There are 100,000+ datasets covering:
- Text (sentiment, Q&A, translation)
- Images (classification, object detection)
- Audio (speech recognition, music)
- And more!

### How to Find Datasets:
1. Use the **Task** filter (what do you want to do?)
2. Sort by **Downloads** (popular = reliable)
3. Check the **Size** (smaller = faster to load)

---
## Part 3: Loading Your First Dataset

Let's load the famous **IMDB dataset** - 50,000 movie reviews labeled as positive or negative.

In [None]:
# Load the IMDB dataset
imdb = load_dataset("imdb")

print("Dataset loaded!")
print(imdb)

In [None]:
# See the structure
print("Dataset structure:")
print(f"  Training examples: {len(imdb['train'])}")
print(f"  Test examples: {len(imdb['test'])}")
print(f"\nColumns: {imdb['train'].column_names}")

In [None]:
# Look at one example
example = imdb['train'][0]

print("First training example:")
print(f"\nLabel: {example['label']} ({'Positive' if example['label'] == 1 else 'Negative'})")
print(f"\nReview (first 500 chars):")
print(example['text'][:500] + "...")

### Understanding the Labels:
- `0` = Negative review
- `1` = Positive review

In [None]:
# Look at a few more examples
print("Sample reviews:\n")
for i in range(3):
    ex = imdb['train'][i]
    sentiment = "POSITIVE" if ex['label'] == 1 else "NEGATIVE"
    print(f"--- Example {i+1} ({sentiment}) ---")
    print(ex['text'][:200] + "...")
    print()

---
## Part 4: Exploring Other Datasets

### Emotion Dataset

Tweets labeled with 6 emotions!

In [None]:
# Load emotion dataset
emotion = load_dataset("emotion")

print("Emotion dataset loaded!")
print(f"Training examples: {len(emotion['train'])}")
print(f"Columns: {emotion['train'].column_names}")

In [None]:
# The emotion labels
emotion_labels = ["sadness", "joy", "love", "anger", "fear", "surprise"]

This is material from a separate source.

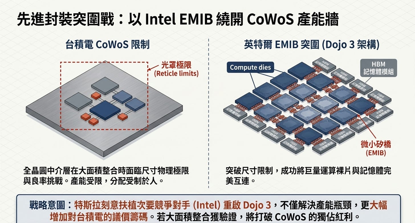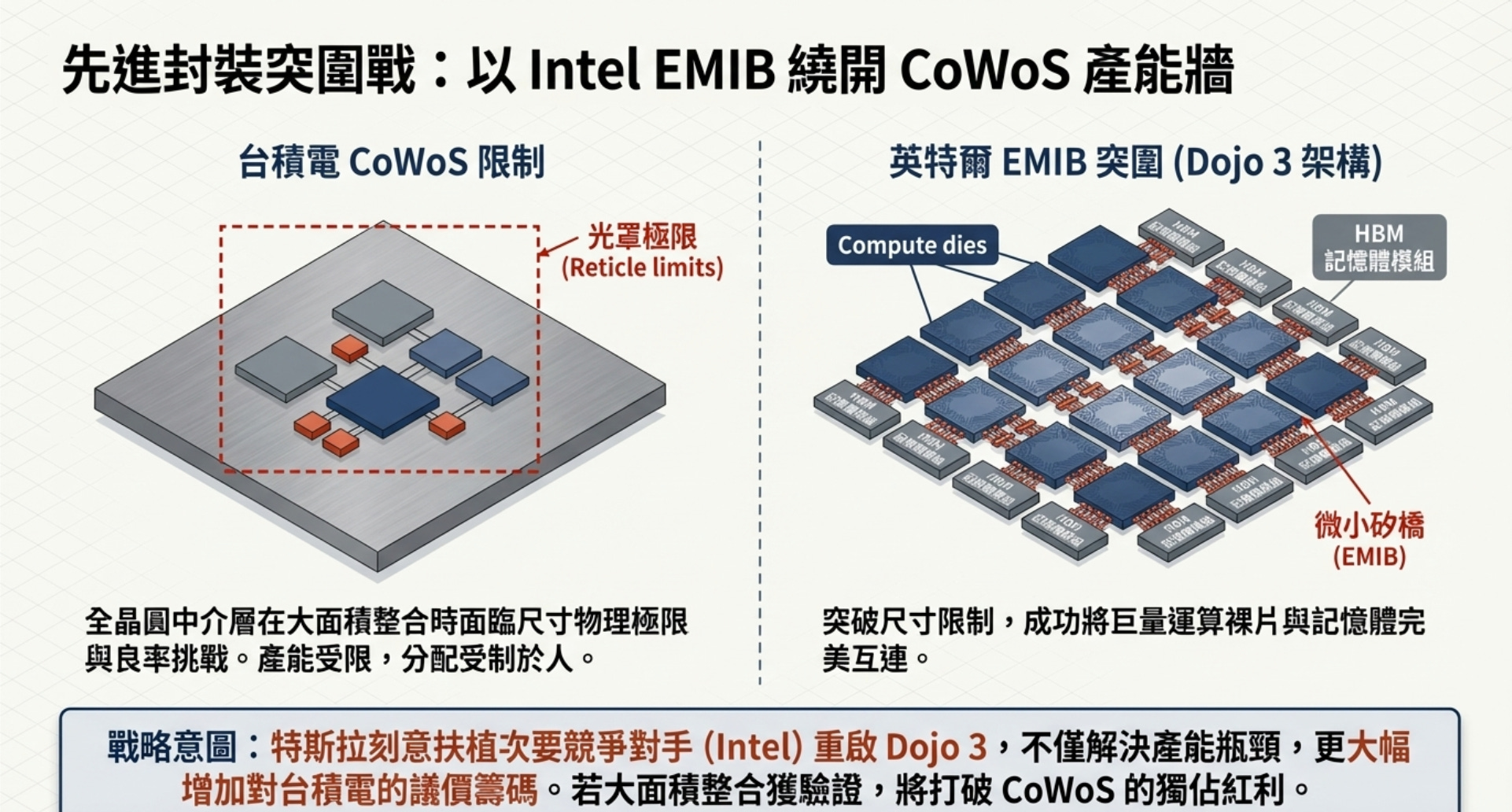 台積電的CoWoS封裝技術是目前Nvidia等AI巨頭的唯一選擇,台積電也計畫在2026年底前將CoWoS產能大幅擴充約80%至每月12萬片。特斯拉在重啟Dojo 3超級電腦專案時,將運算晶片(D3)交由三星位於德州的2奈米製程生產,而將關鍵的組裝與測試作業交由英特爾的EMIB技術處理。這種「繞開台積電」的供應鏈策略,特斯拉為了突破產能瓶頸並增加議價能力,正在積極扶植台積電的競爭對手。若英特爾的EMIB在Dojo 3專案上證明大面積整合上的優越性與良率,可能引發其他面臨CoWoS產能分配限制的AI晶片設計公司效仿,這將衝擊台積電在先進封裝市場的獨佔紅利(重點是良率)。

# Look at examples of each emotion
print("Examples of each emotion:\n")
for i, label in enumerate(emotion_labels):
    # Find an example with this label
    for ex in emotion['train']:
        if ex['label'] == i:
            print(f"{label.upper()}: \"{ex['text']}\"")
            break

### Rotten Tomatoes Dataset

A smaller sentiment dataset - good for quick experiments!

In [None]:
# Load Rotten Tomatoes (smaller, faster)
rotten = load_dataset("rotten_tomatoes")

print("Rotten Tomatoes dataset:")
print(f"  Training: {len(rotten['train'])} examples")
print(f"  Validation: {len(rotten['validation'])} examples")
print(f"  Test: {len(rotten['test'])} examples")

In [None]:
# Compare sizes
print("Dataset size comparison:\n")
print(f"IMDB: {len(imdb['train']):,} training examples")
print(f"Rotten Tomatoes: {len(rotten['train']):,} training examples")
print(f"Emotion: {len(emotion['train']):,} training examples")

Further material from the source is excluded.